> Source material
##########

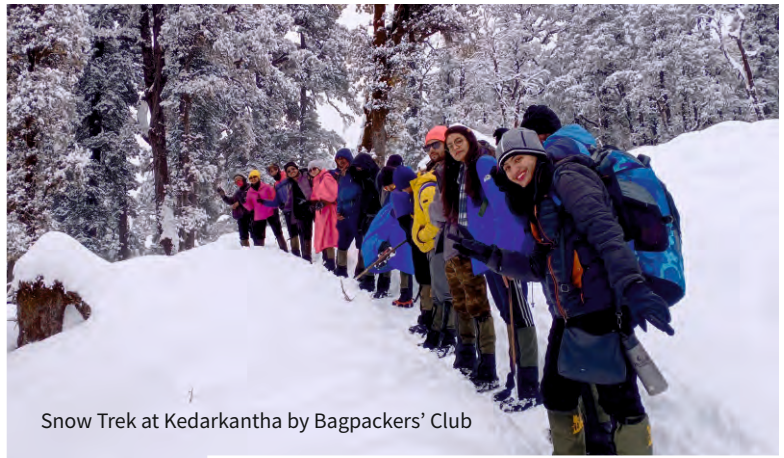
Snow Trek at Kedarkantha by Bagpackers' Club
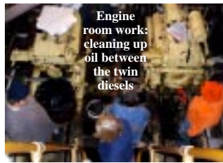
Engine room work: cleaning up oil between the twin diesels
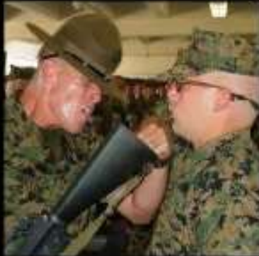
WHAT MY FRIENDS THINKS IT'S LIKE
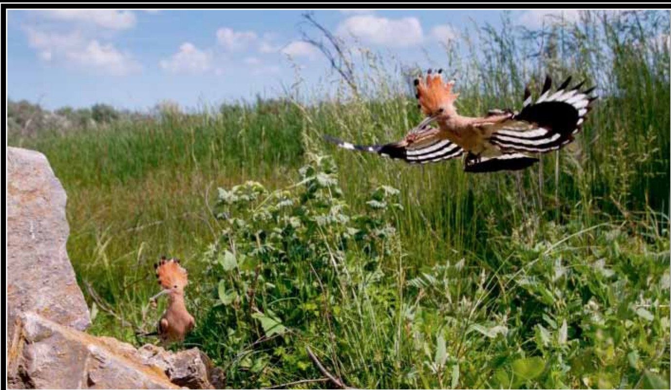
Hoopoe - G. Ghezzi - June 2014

##########

> Your instructions
Take the line that holds "WHAT MY FRIENDS THINKS IT'S LIKE" as the start and the last line of the data as the end. Copy only those lines exactly, both ends included, except the pictures.

> Exercise solution
WHAT MY FRIENDS THINKS IT'S LIKE
Hoopoe - G. Ghezzi - June 2014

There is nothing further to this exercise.